CGR is a franchised business operating in the recruitment industry. CGR has 92 franchisees with over 123 locations across Australia. The Company has national preferred supplier agreements with large commercial and government clients and earns its revenue through franchise fees, recruitment fees, software, HR and employment related products and services.

*Sector:* Industrials
*Shares on Issue:* 49,228,642
*Current Market Capitalisation:* $7,384,296
*Website:* http://www.careersmultilist.com.au


----------



## piggybank (30 January 2014)

*Re: CGR - Careers Multilist*

May not be the most popular stock in this forum but it maybe yet given it's recent price action


----------



## Ves (31 January 2014)

*Re: CGR - Careers Multilist*



piggybank said:


> May not be the most popular stock in this forum but it maybe yet given it's recent price action



I was reading somewhere else that one of the small cap newsletters tipped this stock earlier in the month.

Reading the AGM preso from November last year they were tipping revenue of their payroll finance segment to double from $19m to $38m in 2014.   This segment was non-existent on their books a few years ago,  they're obviously trying to grow it rapidly.

If margins are maintained  (and in this business,  you'll probably find they'll increase) NPAT will be over $2m by my back of the envelope calculations.   Looks like it's on a P/E of about 10.  Not sure if they needed to source more debt to grow....  buyer beware,  but that explains most of the price action since the AGM.


----------



## System (2 May 2014)

On May 1st, 2014, Careers Multilist Limited changed its name to CML Group Limited.


----------



## JTLP (27 June 2017)

Anyone taken a look at this? Recommended by the Boat fund again, pays a dividend and seems to be a pretty solid earnings play, providing finance, payroll and employment services. 

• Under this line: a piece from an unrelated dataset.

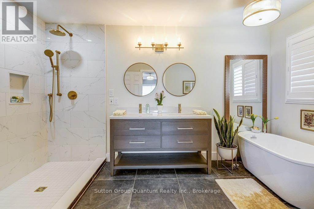 Stunning Eringate Drive residence with a rare and spectacular view of the park right from the backyard. The spacious floor plan has 2,664 sq ft above grade and 1297 below grade of updated living space includes 4+1 bedrooms 2+1 Baths. The stone accents, covered porch, and double car garage lead to gorgeous curb appeal. Enjoy a modern open-concept kitchen with new appliances and quartz counter tops which has its own eat in kitchen and separate formal dining room. Cozy up in the main floor family room next to the gas fireplace. Upstairs you will find 4 large bedrooms. You don't want to miss out on the master suite, featuring an updated 5 piece ensuite bathroom with a soaker tub. The newly renovated basement with modern finishes is your perfect entertainment space. You will enjoy the family room area with an electric fireplace as well as a recreation room, exercise room, or games room. Perfect for working from home, there is also a fully sound proof office space with resilient sound channeling in the ceiling. Lastly, take advantage of the expansive cold cellar with motion activated lights. Note there is a rough in bathroom in the furnace room. close proximity to shopping and some of the best schools in Hamilton. $1.149 million (id:64974)

Might take a more in depth look soon.


----------



## System (24 November 2020)

On November 24th, 2020, CML Group Limited (CGR) changed its name and ASX code to Earlypay Ltd (EPY).


----------



## frugal.rock (30 November 2020)

Stopped watching and bought in as a position became available. Technical chart based entry.
3 month chart.


----------



## frugal.rock (15 February 2021)

Nice to see a slight rise today.
Apparently a flow on effect from some other BNPL stocks doing very well today. 
A rising tide type thing.

EPY has been consolidating well since buying in November, albeit slowly and still waiting for it to close the gap from April... 
Still holding, probably should have closed out due to stalling, however, it's all about patience, isn't it? 
Just waiting for the market to find it hopefully from a nice catalyst...


----------



## frugal.rock (16 February 2021)

Catalyst or no catalyst, I don't care how the market finds it!
I prefer the slow rise anyway...

EPY currently breaking out of averages & ranges.
Held.


----------



## frugal.rock (25 February 2021)

And I wasn't aware Early pay was a divvy paying stock... not bad. Just need the SP to go up now...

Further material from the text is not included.